Collected data:
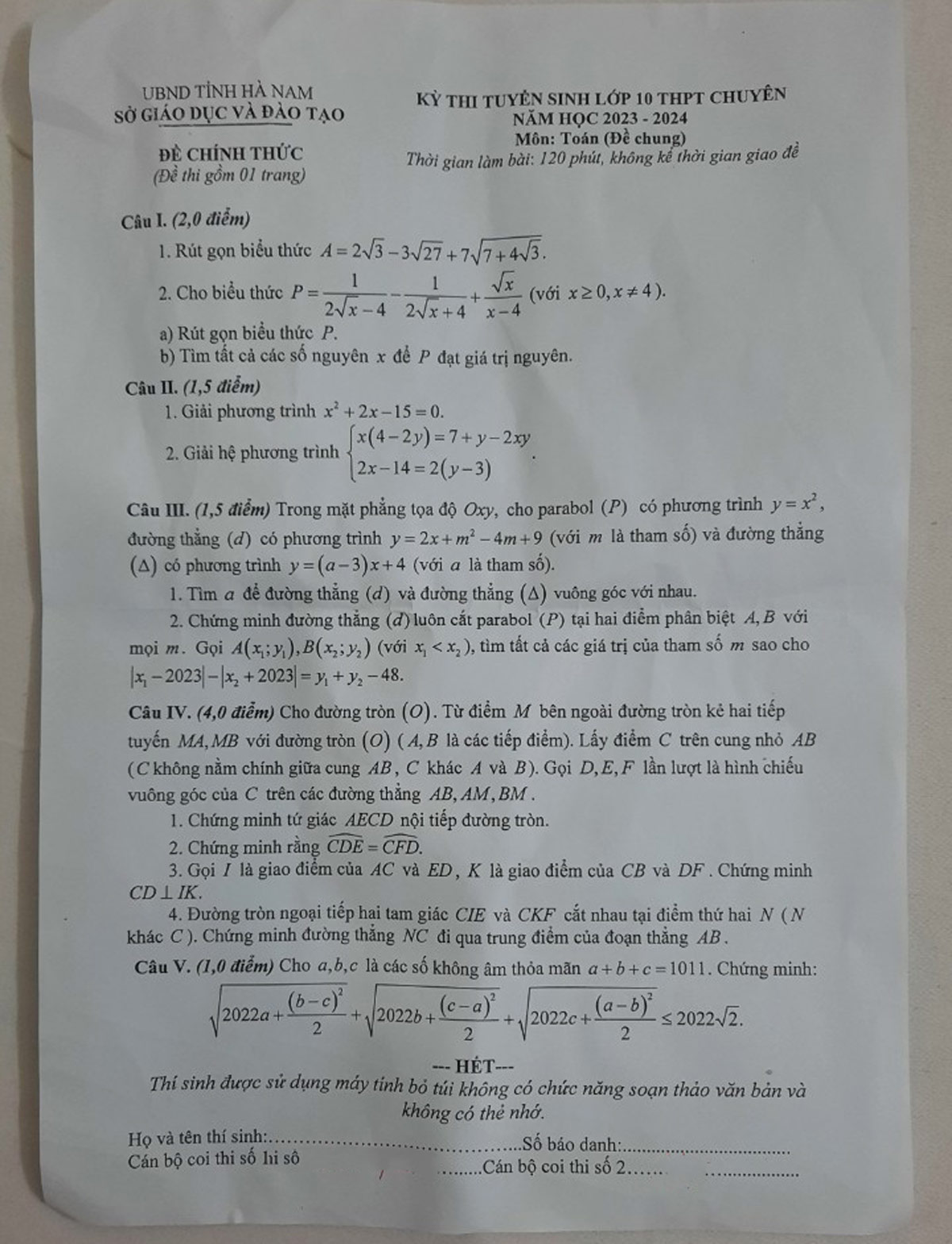 Đề thi có 4 câu gồm 1 câu Hình học và 3 câu Đại số. Tất cả đều thuộc nội dung chương trình đã học và ôn tập. Nhiều giáo viên dạy môn Toán ở các trường THCS nhận xét, đề thi không quá khó với học sinh thi tuyển vào trường chuyên. Với học sinh đăng ký thi các lớp chuyên khối tự nhiên, các em có thể dễ kiếm điểm 8 trở lên. Còn lại, với học sinh đăng ký dự thi vào các lớp chuyên khối xã hội, việc kiếm điểm 7 không khó, nhưng để đạt điểm 8 rất khó!
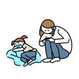 登園拒否する男の子とオフィスカジュアルのママ
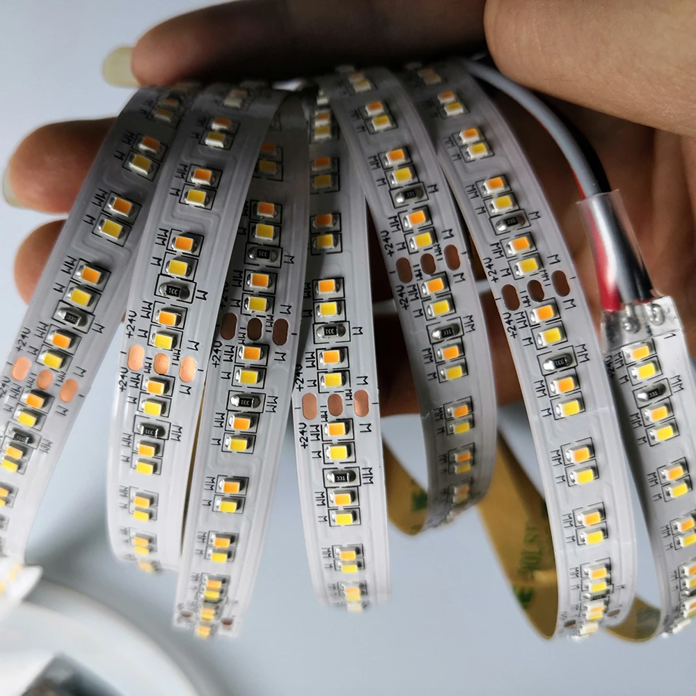 Световые бусины: SMD2216 Светодиодный индикатор s: 240 светодиодов на метр (120 светодиодный, теплый белый, 120 светодиодный, 6500 К, холодный белый) Технические характеристики: 10*5000 мм (рулон 5 метров) Яркость: 7-10LM Чип: Epistar, медный кронштейн из чистого золота Прямое означает: Ra > 90 Цветовая температура: теплый белый, 2700 к/6500 К, холодный белый Мощность: 19,2 Вт/м Комплектация: катушка + Электростатическая упаковка для пакетов (3 м, пластик), 5 м/рулон Напряжение: 12 В/24 В постоянного тока Материал цепи: 2 унции FPCB Печатная плата: высококачественный лист FPCB 2 унции с низким давлением и хорошей теплоотдачей Цвет печатной платы: белый Установка: клейкая лента, клей 3 м
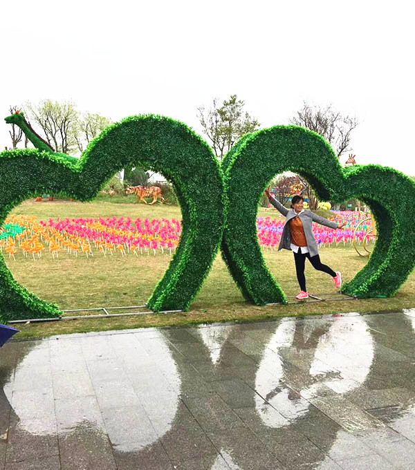 圖中的心形綠雕雖然結構比較簡單,但造型很別致,有心心相印的寓意,綠雕與周圍的風車等搭配起來,相得益彰,形成良好的景觀效果。
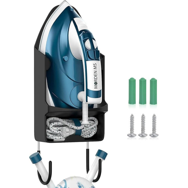 SPACE SAVING Maximize space and eliminate laundry room clutter with this clever wall mounted ironing board holder solution. With a wire storage slot at the bottom, the iron wire can be folded into the storage slot to save space and keep clean. Convenience Please use the included three screws to fix the ironing board to the wall or place where you need it. Keep ironing utensils handy and ready to use. Perfect for homes, hotels, bathrooms, laundry rooms and bedrooms. Premium Quality Our ironing board holder is made of durable PBT plastic, which is high temperature resistant up to 200 degrees. It also has strong hooks that can support a weight of more than 50 pounds, and can be used for hanging ironing boards or various small items. It can be easily cleaned by simply wiping with a damp cloth as needed. FITS MOST IRONS This iron and board holder is designed on the basis of most iron shapes. It fits most irons with a width of less than 13.2 cm, with ease. EASY TO INSTALL Please use the three included screws to fix the ironing board to the wall or where you need it. The hooks at the bottom are installed in the screw holes behind the hanger holder hanger for easy disassembly. When not in use, you can choose not to install it. › See more product details
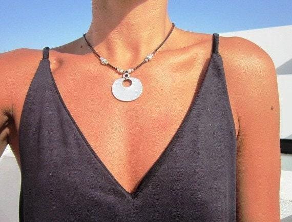 ♥ This Statement simple leather and silver beaded pendant necklace is part of our best selling items, a perfect blend of timeless style handmade jewelry. Silver necklaces for women made to size to match your style. Designed as a delicate charm necklace, a layered pendant necklace or a bold Couples necklace, it’s available in multiple lengths to match your style. at KEKUGI you can find pendant necklaces, beaded necklaces, charm necklaces, choker necklaces, multi-strand layered necklaces and lariat & Y necklaces, unique bohemian jewelry Best selling items designs.
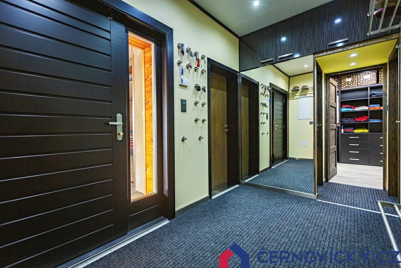 Centrální chodba domu je obložena dřevem a osvětlena bodovým světlem ve dvou úrovních. Dveře přímo naproti vedou do ložnice, vpravo je potom druhá koupelna, do které se přesuneme.
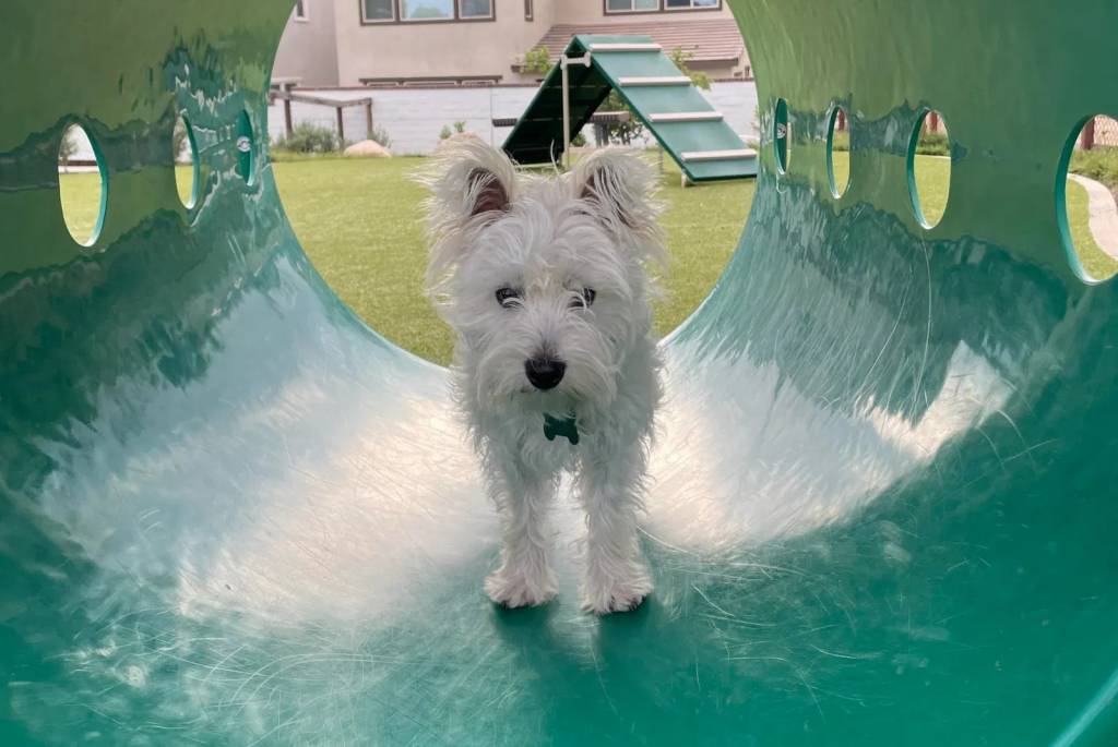 Un West Highland Doxie portant un collier autour du cou et regardant vers la caméra
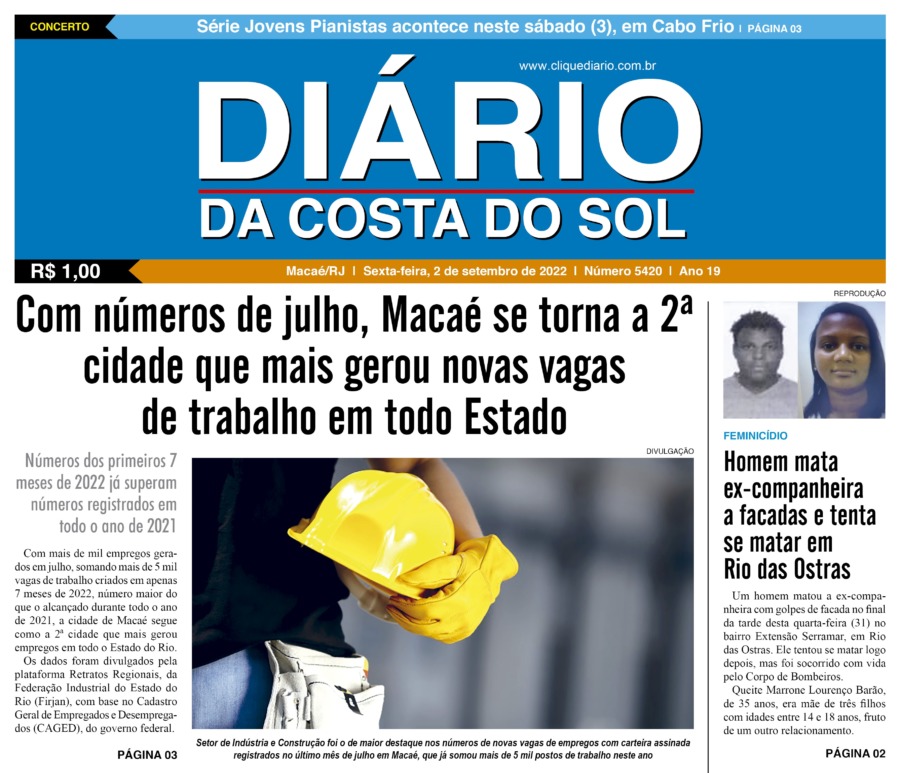 Edições Impressas Edição de sexta-feira 02/09/2022 nº 5420 Publicado em 01/09/2022 - 23:55 Escrito por Fernando Vitor Notícias relacionadas: Seguinte Edição de sábado a segunda-feira 03 a 05/09/2022 nº 5421 Anterior Edição de quinta-feira 01/09/2022 nº 5419 Fernando Vitor Notícias Recentes Armação dos Búzios12 horas atrás Búzios atinge 80% de ocupação no feriado Cabo Frio13 horas atrás Cabo Frio prepara esquema especial de segurança nas praias e áreas de lazer Cabo Frio13 horas atrás Cabo Frio realiza ações de proteção a fauna após aparecimento de animais em bairros Cabo Frio13 horas atrás Cabo Frio reúne especialistas em evento do programa “Vim Cuidar de Você” Desenvolvimento13 horas atrás Rio das Ostras estreita relações com a Rede Petro BC de olho em eventos do setor de energia em 2026 Cabo Frio13 horas atrás Aula-passeio apresenta riqueza cultural e ambiental de Cabo Frio na Fazenda Campos Novos Cabo Frio13 horas atrás Cabo Frio suspende expediente em órgãos públicos nesta sexta Cidades13 horas atrás Macaé terá Dia do Futebol Feminino e programa para valorização da mulher rural Arraial do cabo13 horas atrás Carreta científica desembarca em Arraial do Cabo com programação gratuita Polícia13 horas atrás Polícia Civil prende liderança do ADA no bairro Fronteira em Macaé Clique Diário E. L. Mídia Editora Ltda CNPJ: 09.298.880/0001-07 Redação: Rua Tupinambás 122 Gloria – Macaé/RJ comercial@diariocs.com (22) 2765-7353 (22) 999253130 Mais lidas da semana Cultura6 dias atrás Adilson Lopes apresenta exposição “Trajetória” em Casimiro de Abreu Desenvolvimento13 horas atrás Rio das Ostras estreita relações com a Rede Petro BC de olho em eventos do setor de energia em 2026 Cidades3 dias atrás Macaé registra avanço na coleta seletiva porta a porta e recolhe mais de 2 toneladas em 45 dias Mobilidade6 dias atrás Mobilidade promove fiscalização para verificar situação de táxis em Rio das Ostras

DESCRIPTION OF THE TASK> Go from the first line of the data above to the line containing "登園拒否する男の子とオフィスカジュアルのママ" and retype exactly those lines, both included, but none of the pictures.

ANSWER SECTION>
 Đề thi có 4 câu gồm 1 câu Hình học và 3 câu Đại số. Tất cả đều thuộc nội dung chương trình đã học và ôn tập. Nhiều giáo viên dạy môn Toán ở các trường THCS nhận xét, đề thi không quá khó với học sinh thi tuyển vào trường chuyên. Với học sinh đăng ký thi các lớp chuyên khối tự nhiên, các em có thể dễ kiếm điểm 8 trở lên. Còn lại, với học sinh đăng ký dự thi vào các lớp chuyên khối xã hội, việc kiếm điểm 7 không khó, nhưng để đạt điểm 8 rất khó!
 登園拒否する男の子とオフィスカジュアルのママ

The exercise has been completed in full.